===== Provided records =====

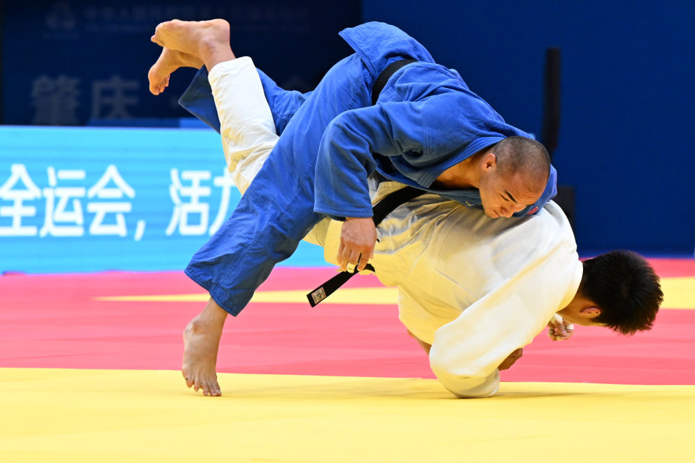 2025年11月12日,新疆隊選手阿卜杜熱西提·杰力力(上)和山東隊選手汪洋在廣東肇慶舉行的男子90公斤級銅牌賽中。新華社記者 朱祥 攝
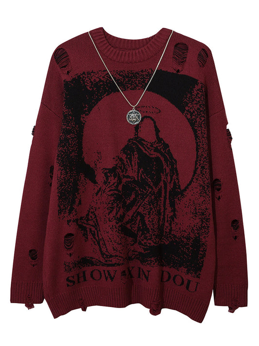 Normal fiyat 1,499.00TLNormal fiyatBirim fiyat / /İndirimli fiyat 1,499.00TLElevate your wardrobe with this edgy and unique gothic-style sweater, perfect for those who embrace a darker aesthetic. Featuring a captivating hooded figure design, this sweater is adorned with distressed elements that add a rugged, lived-in look. Made from a comfortable and durable blend of materials, this sweater ensures warmth and style throughout the cooler seasons. Available in multiple colorways, including deep red, black, and... -
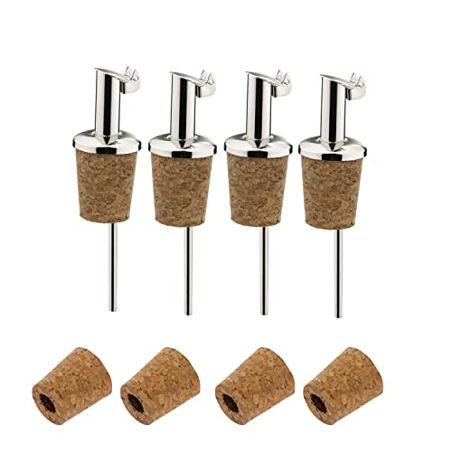 Westmark 4 Becs Verseurs pour Spiritueux/Huile + 4 Bouchons de Rechange, avec Clapet, avec Tube d'air, court, Métal/Inox, Bouchon en liège, Inox Gastro, Argenté, 457022E3
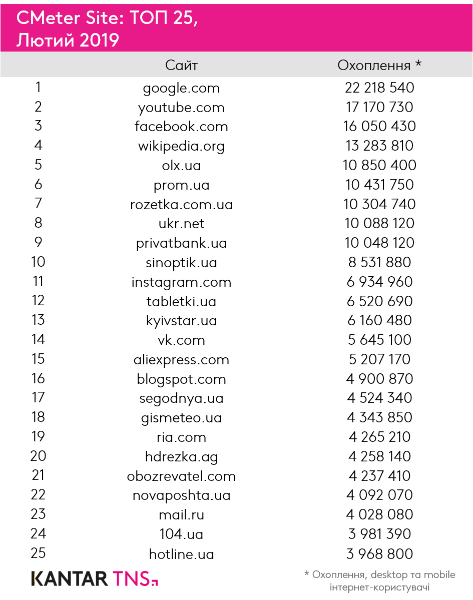 Февральские рокировки в топ-25 сайтов UAnet: минус Аllo, проседание Rozetka, рост OLX и Prom.ua
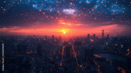 © afif, Fototapeta premium Futuristic city skyline at sunset with network connections
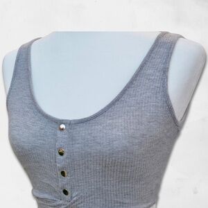 Windsor ribbed knit crop tank in heather gray with a button front detail and wrap tie waist. Fitted stretchy fabric with a scoop neckline.
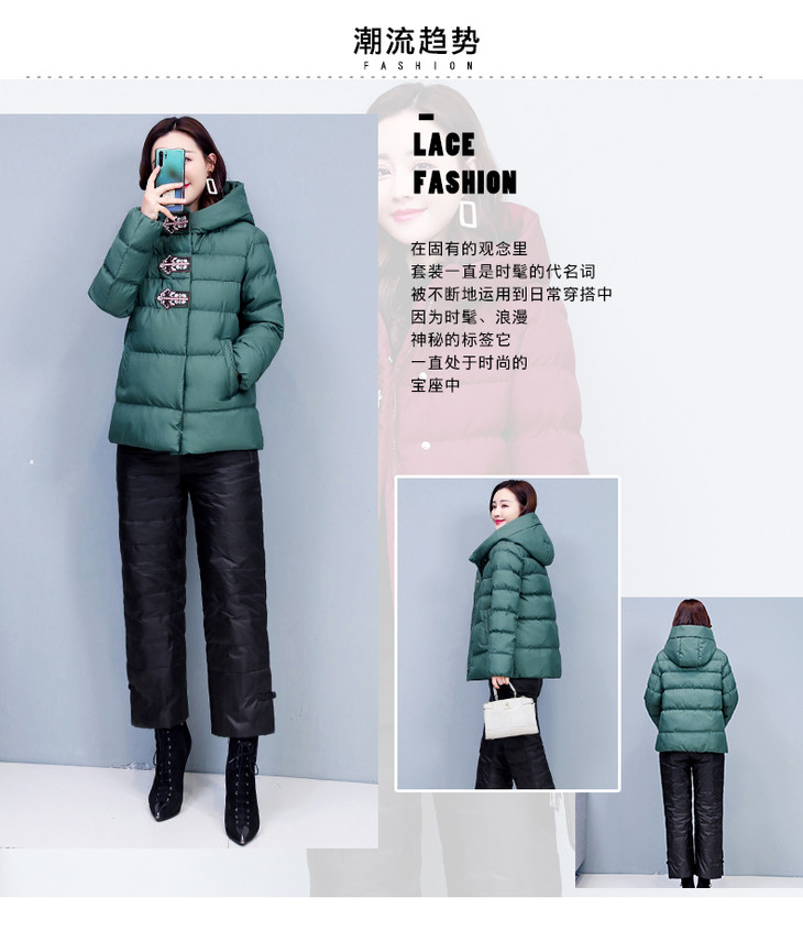WZNH-ASG2067时尚气质保暖连帽修身羽绒棉棉衣两件套
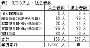 4月1日会員数36,978人(対前月-72)会員数は先月に比べ72人減少しました。3月の入会・退会者数の表をみますと、入会者数は退会者数より101人少なくなっています。会員の増減は入会者数と退会者数のほかに、会費切れ退会となった後に会費が支払われ会員として復活した人数によって決まります。3月の入会者数は156人で、前年同月の入会者217人に比べ61減少しました。また、3月の退会者は257人で、前年同月の退会者244人に比べ13人増加しました。
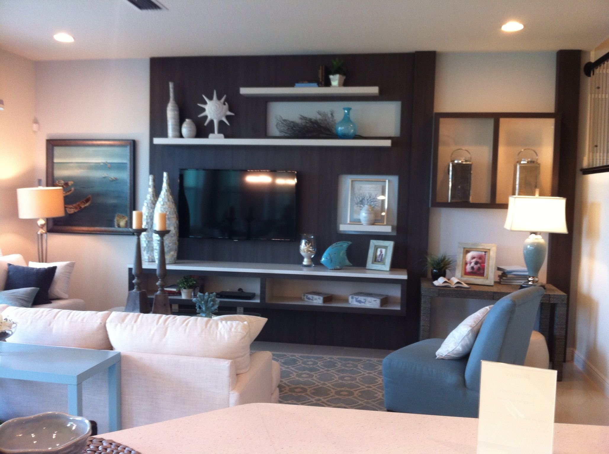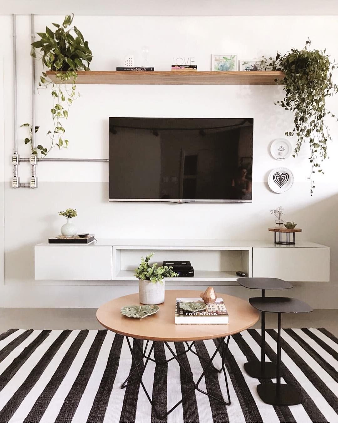 Декор над телевизором в гостиной
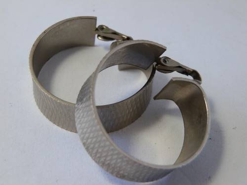 Silver metal hoop clip-on earrings from early 1970's, in good condition. The size is 3.5 cm diameter and the width 1.2 cm.
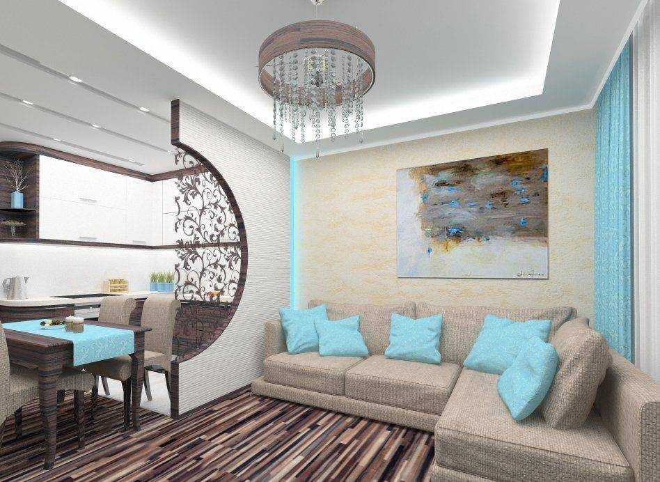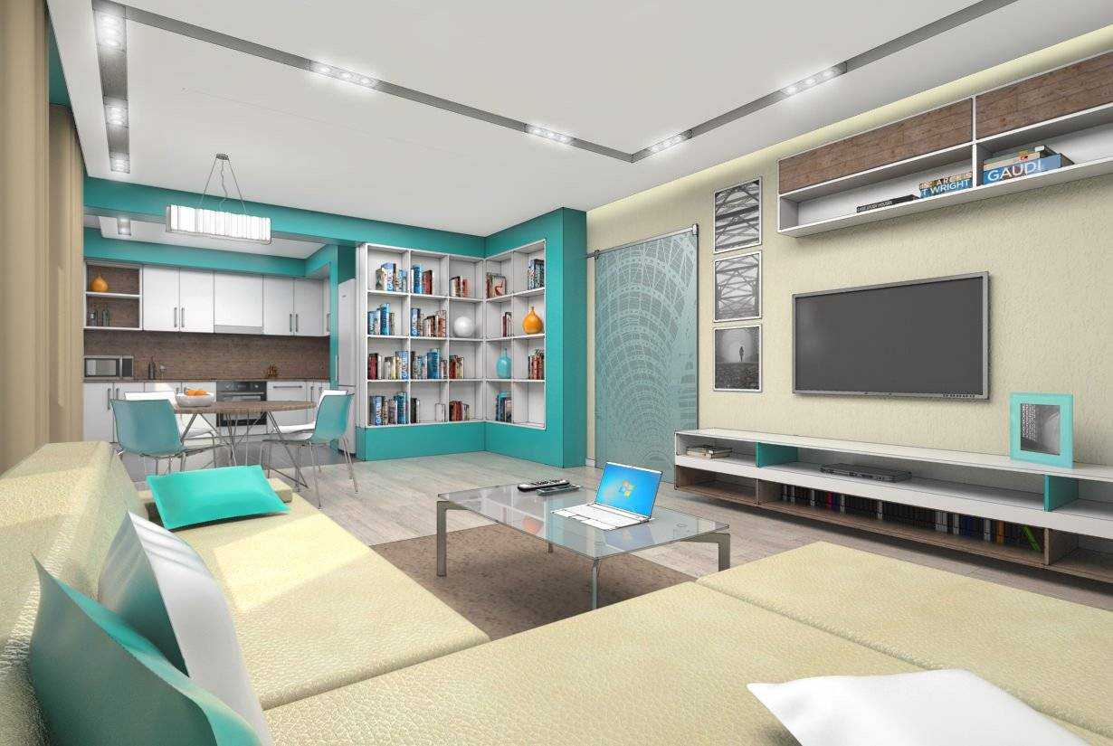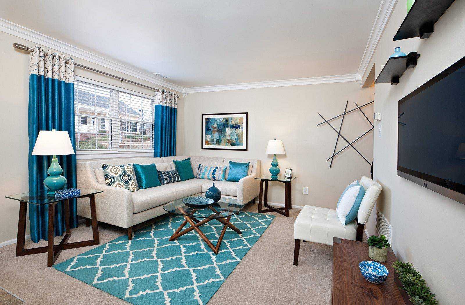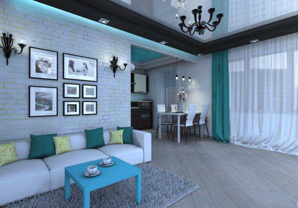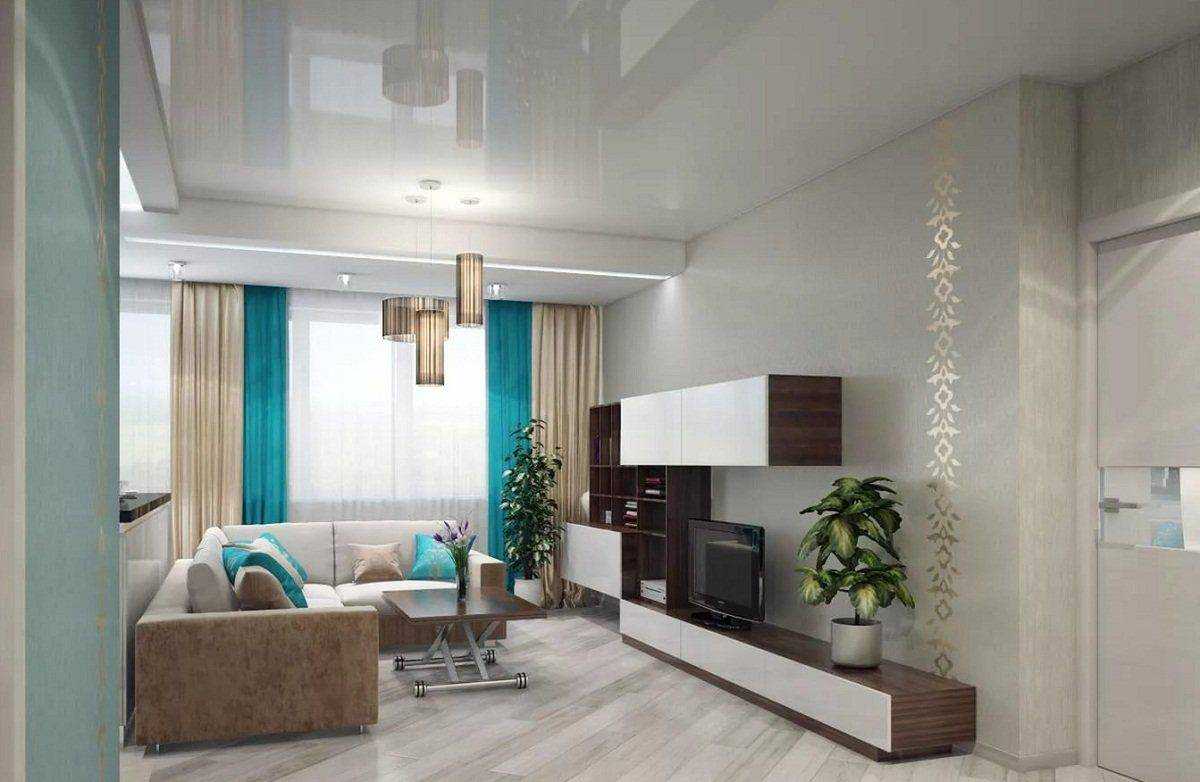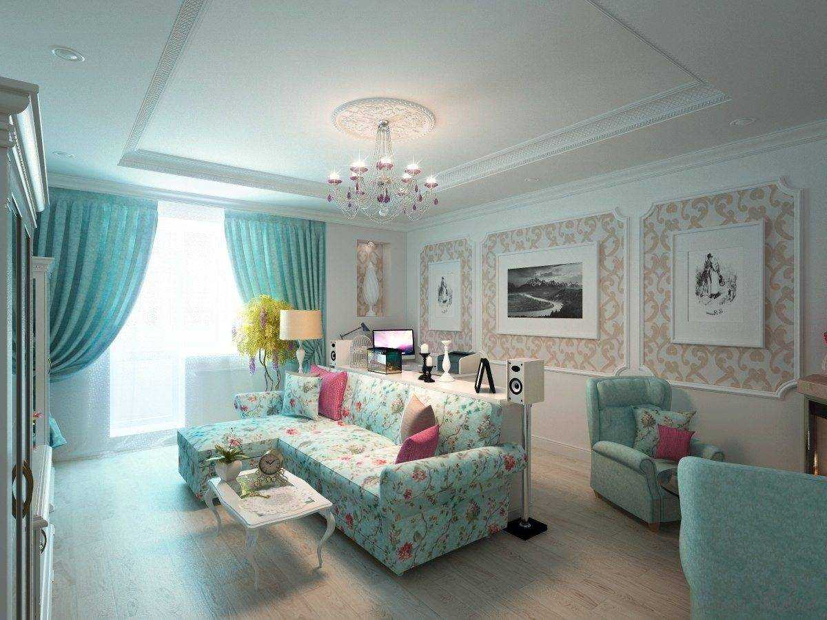сочетание бирюзовых штор, мебели и потолка в гостинной
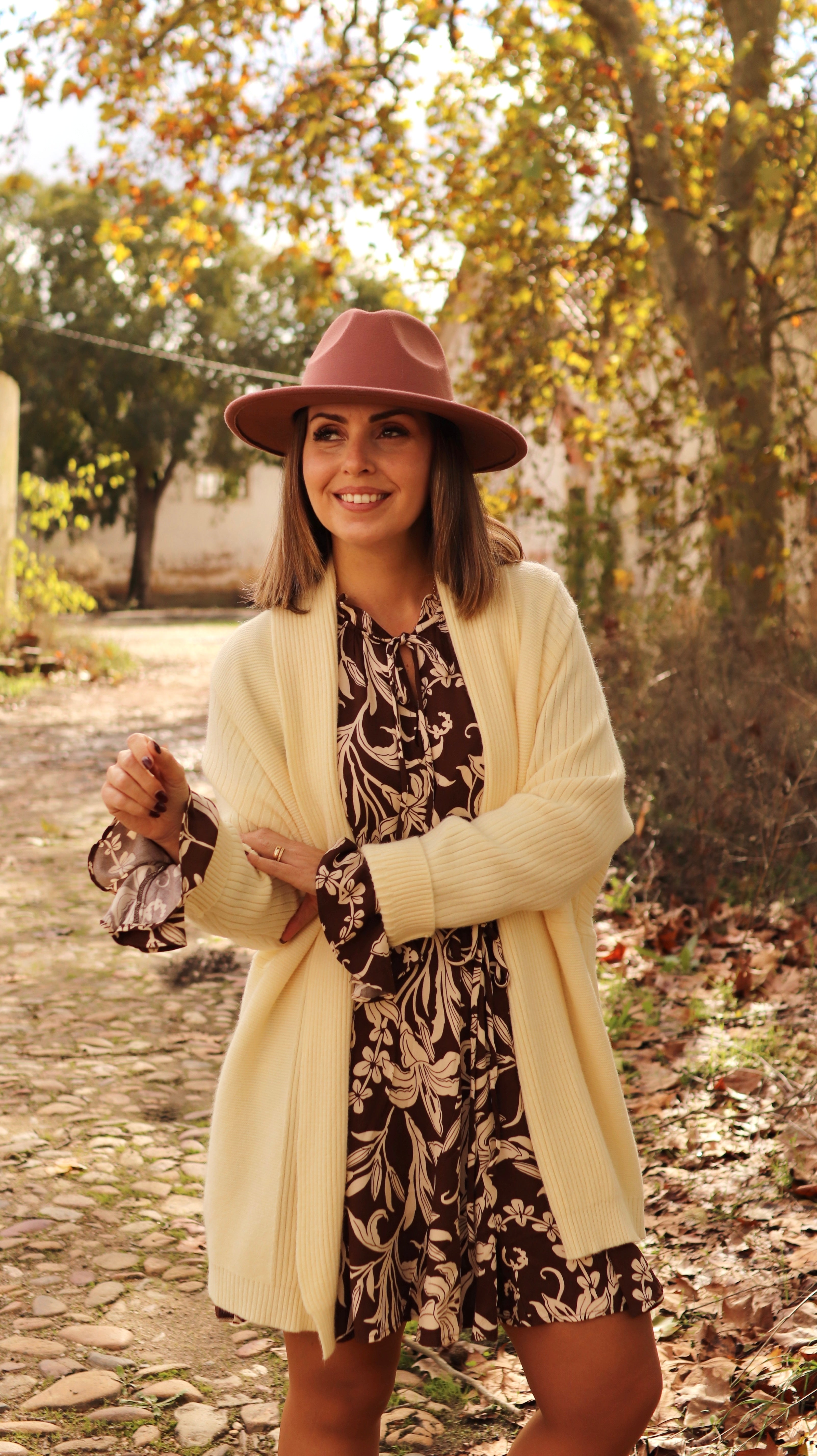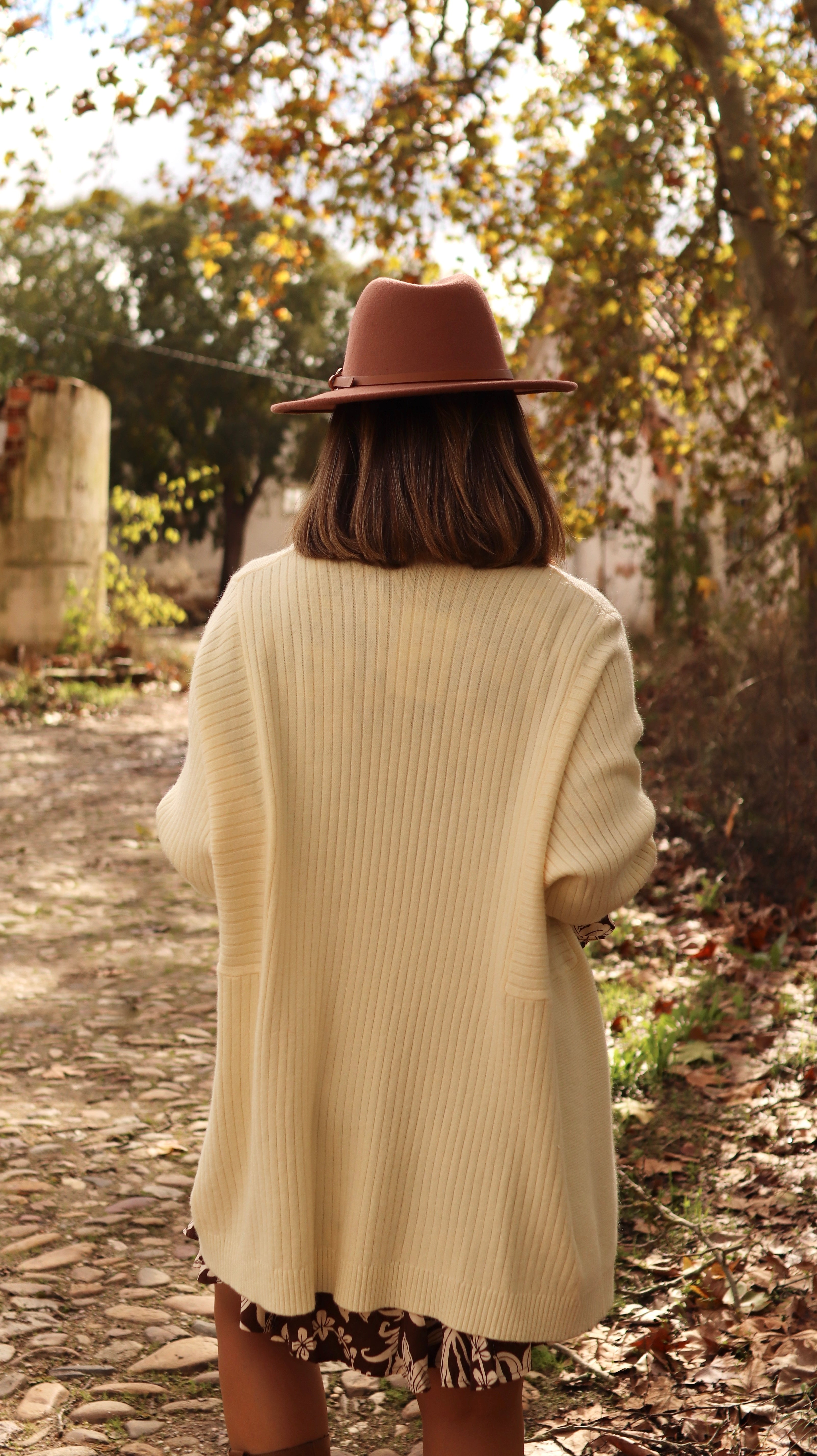 Casaco, de malha mais texturada, tem o corte ideal para combinarmos com vestidos.

=====

▸ Directions
Please retype the whole listing above exactly, without any of its images.

▸ Exercise result
 2025年11月12日,新疆隊選手阿卜杜熱西提·杰力力(上)和山東隊選手汪洋在廣東肇慶舉行的男子90公斤級銅牌賽中。新華社記者 朱祥 攝
 Normal fiyat 1,499.00TLNormal fiyatBirim fiyat / /İndirimli fiyat 1,499.00TLElevate your wardrobe with this edgy and unique gothic-style sweater, perfect for those who embrace a darker aesthetic. Featuring a captivating hooded figure design, this sweater is adorned with distressed elements that add a rugged, lived-in look. Made from a comfortable and durable blend of materials, this sweater ensures warmth and style throughout the cooler seasons. Available in multiple colorways, including deep red, black, and... -
 Westmark 4 Becs Verseurs pour Spiritueux/Huile + 4 Bouchons de Rechange, avec Clapet, avec Tube d'air, court, Métal/Inox, Bouchon en liège, Inox Gastro, Argenté, 457022E3
 Февральские рокировки в топ-25 сайтов UAnet: минус Аllo, проседание Rozetka, рост OLX и Prom.ua
 © afif, Fototapeta premium Futuristic city skyline at sunset with network connections
 Windsor ribbed knit crop tank in heather gray with a button front detail and wrap tie waist. Fitted stretchy fabric with a scoop neckline.
WZNH-ASG2067时尚气质保暖连帽修身羽绒棉棉衣两件套
 4月1日会員数36,978人(対前月-72)会員数は先月に比べ72人減少しました。3月の入会・退会者数の表をみますと、入会者数は退会者数より101人少なくなっています。会員の増減は入会者数と退会者数のほかに、会費切れ退会となった後に会費が支払われ会員として復活した人数によって決まります。3月の入会者数は156人で、前年同月の入会者217人に比べ61減少しました。また、3月の退会者は257人で、前年同月の退会者244人に比べ13人増加しました。
 Декор над телевизором в гостиной
 Silver metal hoop clip-on earrings from early 1970's, in good condition. The size is 3.5 cm diameter and the width 1.2 cm.
сочетание бирюзовых штор, мебели и потолка в гостинной
 Casaco, de malha mais texturada, tem o corte ideal para combinarmos com vestidos.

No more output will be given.